··· DATA SECTION

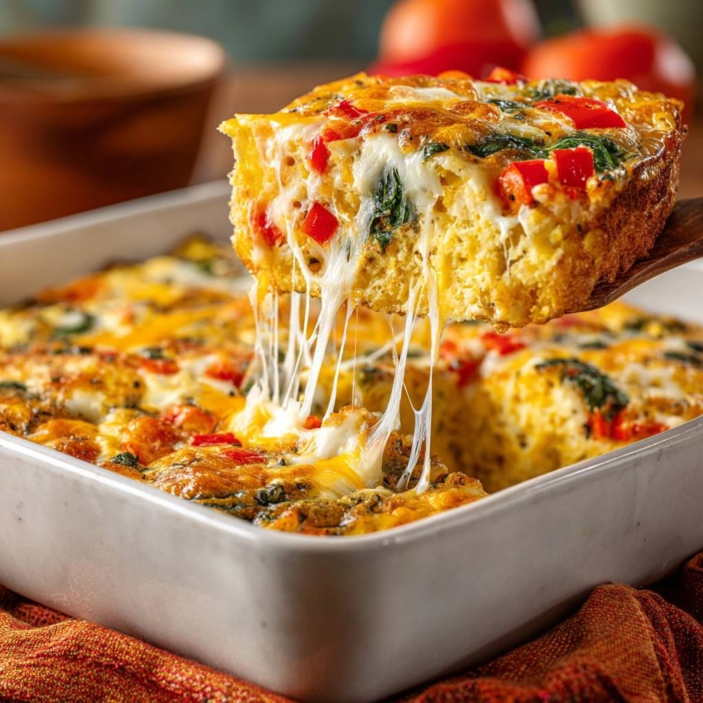 This bake shines because it blends spinach’s earthy bite with red pepper’s sweet crunch, all backed by hearty cornmeal and sharp cheddar melt. However, most versions fail from excess veggie moisture that drowns the custard base.
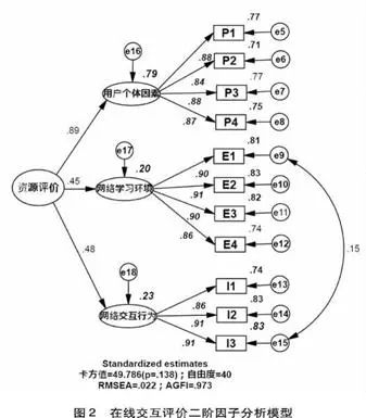 本研究运用软件AMOS18.0建立在线教育资源交互评价二阶因子分析模型,采用最大似然法(Maximum Likelihood,简称ML)对模型进行估计,删除因子负荷未达到标准值的观测指标,将误差值e9与el5之间建立共变关系,修正后得到标准化模型路径参数(见图2)。模型中各项因子负荷介于0.843至0.910之间,符合因子负荷介于0.45至0.95间的适配要求;各误差变异量均为正数,未出现负数的误差变异量。模型修正后,用户个体因素的观测指标为:内容需求(P1)、媒体类型(P2)、内容设计(P3)、知识模块(P4);网络学习环境维度观测指标为:硬件支持(E1)、软件兼容(E2)、获取便捷(E3)、学习情境(E4);网络交互行为维度的观测指标为:会话协作(II)、内容交互(12)、自我交互(13)。
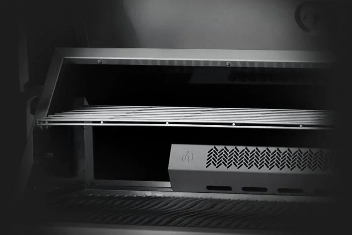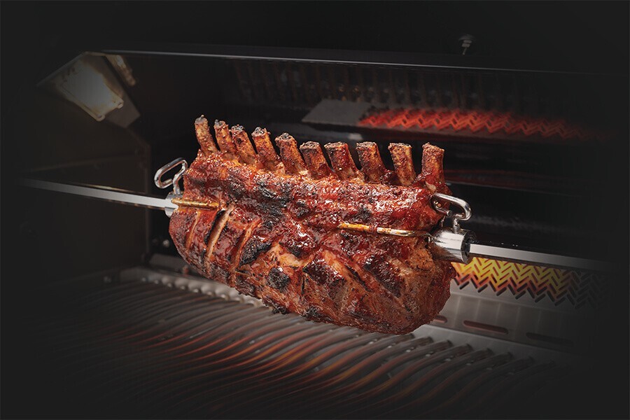 | Infrared heat from the dual rotisserie burners are perfect for high heat searing and slow spit roasting. | |
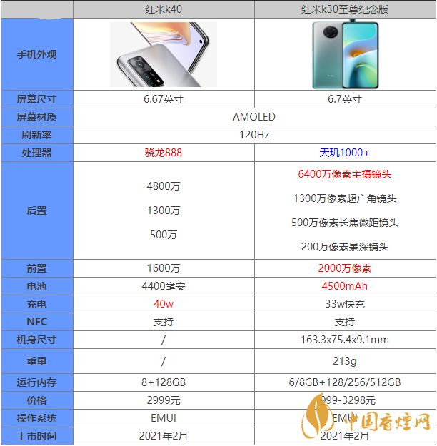 紅米K40是一款即將上市的新手機,那么這款手機和之前的紅米k30至尊紀念版相比較到底是有著什么樣子的差距呢?哪款手機更值得入手?接下來香煙網(wǎng)小編將對紅米K40和紅米k30至尊紀念版參數(shù)對比進行介紹,感興趣的朋友一起來看看吧!
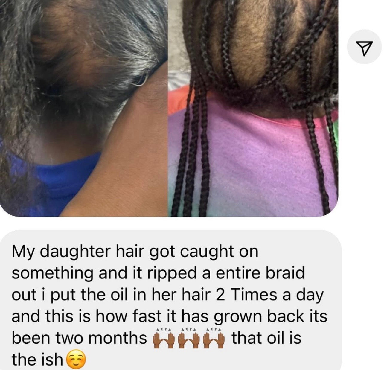 Our Hair Growth oil is made for women of all ages & race. Our oil is made to strengthen your hair, add nutrients to your hair, and grow your hair full and healthy.
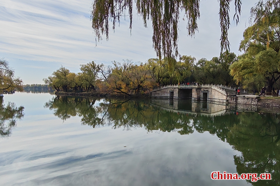 A photo taken on Nov. 10, 2025 shows the beautiful autumn scenery of the Summer Palace in Beijing. As well as history, a circuit route and natural beauty, the park offers panoramic, reflective views that visitors have come to associate with imperial gardens. The area remains a major attraction within Beijing's historic sites and water gardens. [Photo by Lin Liyao/China.org.cn]
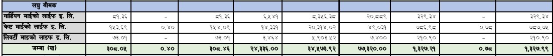 त्यस्तै, गार्डियन माइक्रो लाइफ इन्स्योेरेन्सले तीन करोड २९ लाख रुपैयाँ र लिवर्टी माइक्रो लाइफ इन्स्योरेन्सले दुई करोड १० लाख रुपैयाँ बराबरको कुल बीमा शुल्क आर्जन गर्न सफल भएका छन् ।
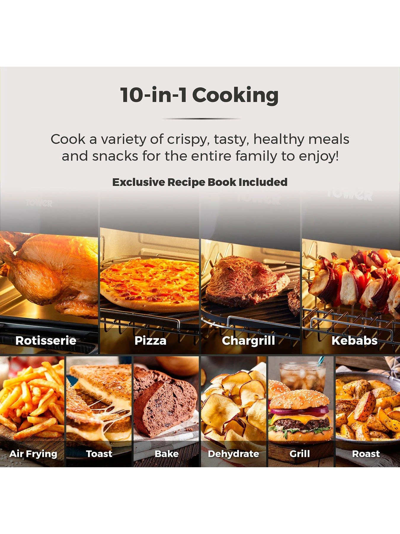 It’s quick and easy to cook a range of delicious recipes with this multi-functional Digital Air Fryer from Tower. It works as an air fryer, rotisserie oven and dehydrator with roasting and baking functions. The addition of the reversible grill plate and wire rack accessories allow you to cook sizzling steaks, pizzas and sausages and more. The wire rack is great for holding skewers, slices of bread and can be used as a conventional grill.

······

Take the material above from the line containing "roasting. | |" up to and including the line containing "त्यस्तै, गार्डियन माइक्रो" and retype it exactly, without any pictures.

 | Infrared heat from the dual rotisserie burners are perfect for high heat searing and slow spit roasting. | |
 紅米K40是一款即將上市的新手機,那么這款手機和之前的紅米k30至尊紀念版相比較到底是有著什么樣子的差距呢?哪款手機更值得入手?接下來香煙網(wǎng)小編將對紅米K40和紅米k30至尊紀念版參數(shù)對比進行介紹,感興趣的朋友一起來看看吧!
 Our Hair Growth oil is made for women of all ages & race. Our oil is made to strengthen your hair, add nutrients to your hair, and grow your hair full and healthy.
 A photo taken on Nov. 10, 2025 shows the beautiful autumn scenery of the Summer Palace in Beijing. As well as history, a circuit route and natural beauty, the park offers panoramic, reflective views that visitors have come to associate with imperial gardens. The area remains a major attraction within Beijing's historic sites and water gardens. [Photo by Lin Liyao/China.org.cn]
 त्यस्तै, गार्डियन माइक्रो लाइफ इन्स्योेरेन्सले तीन करोड २९ लाख रुपैयाँ र लिवर्टी माइक्रो लाइफ इन्स्योरेन्सले दुई करोड १० लाख रुपैयाँ बराबरको कुल बीमा शुल्क आर्जन गर्न सफल भएका छन् ।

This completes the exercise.